第109節 ムジナとオオトリ(三)
全身に火が回っているムジナは、そんな事実はないかのように振舞うと、隠してあった建琴を取り出した。
(なんじゃあの琴は? この期に及んで何があると言うのか?)
それを見て訝しんだオオトリ。
剣や弓ならばともかく、今琴を出す意味はないはず。
間もなく燃え尽きるであろう己の肉体の限界を悟り、最後に風雅志向に走ろうとでも言うのだろうか? ――いや。違う! あれは!
「や、やめよ! その琴、決してかき鳴らすでないぞ!」
どうにも嫌な予感がしたオオトリはムジナに強く命令した。
あの琴もまた、邪神が生み出せし神器の一つなのだろう。
今オオトリが持っている剣に比べれば矮小としか言いようのない神威しかなかった弓ですら、あの威力だ。
ならばあの琴も……。
「やめよ。それは決して鳴らしてはいかぬ物。とりあえず落ち着いてそれを下に置くのじゃ」
オオトリはムジナを宥めにかかった。
琴を無造作に構えたムジナは、剣の呪縛と矢傷で動けずにいるオオトリのことを、何の感情も表さずにただ眺めているだけだ。

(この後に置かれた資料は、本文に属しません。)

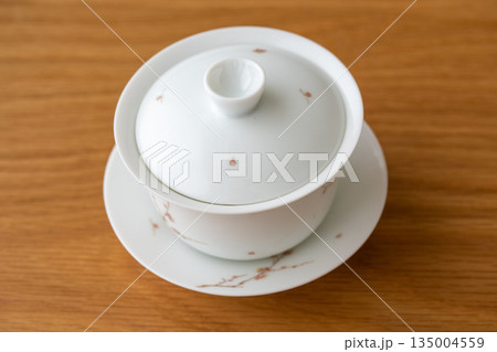 俯瞰した台湾茶、中国茶用の蓋椀 (梅の絵柄)

「のう? お互い何か行き違いがあったようじゃし、ここはひとつ腹を割って話し合ってじゃな――」
必死のオオトリ。
あの琴、見れば見るほどに全身の羽毛が逆毛立つ。
しかし、オオトリの説得も虚しくムジナは……
バラン……
ムジナは手にした琴を無造作にかき鳴らしたのだった。
ゴゴゴゴゴ……
大地が鳴動していた。
「ぬ!? ……く……」
地面の揺れに脚を取られて四苦八苦するオオトリ。
剣を手放せば空に逃げることもできたであろうに、幾度も失敗が続いたことで、そう言う選択をすることが出来なくなっていた。
「な、なんじゃ。この程度のこと……」
ヨタヨタフラフラと、千鳥足になりながらもどうにか転ばずにいるオオトリだ。
しかしそんな強がりも、いつまでも続くものではなく。
「な、なんじゃっ!?」
オオトリは自身の脚が左右に開いてゆくのを自覚した。
彼女の立脚した大地に亀裂が走っていたのだ。
「くっ、くけえぇぇえっ――!」
その亀裂は瞬く間に広がってゆき、成す術もなく飲み込まれたオオトリ。
オオトリの身体は半分ほど地面に飲まれたところで止まっていた。
翼と矢が引っかかったのだ。
「失敗か……」
琴を持ったムジナは、オオトリが地の底に落ち切っていないことを認めると、そう呟いていた。
「まあ仕方がない。まさかこんなことになるとは思わなかったしな」
自分の射た矢が図らずも命綱となってしまったことを自嘲する。
「にしてもトラノヲの奴……」
ムジナは、効果をきちんと説明しないまま自分に神器を託したミズチことトラノヲのことを、苦々しい気分で思い出していた。
琴にこんな特殊な効果があるのならば、前もって教えておくべきなのだ。
知らずに人里で使っていたら大惨事になっていただろう。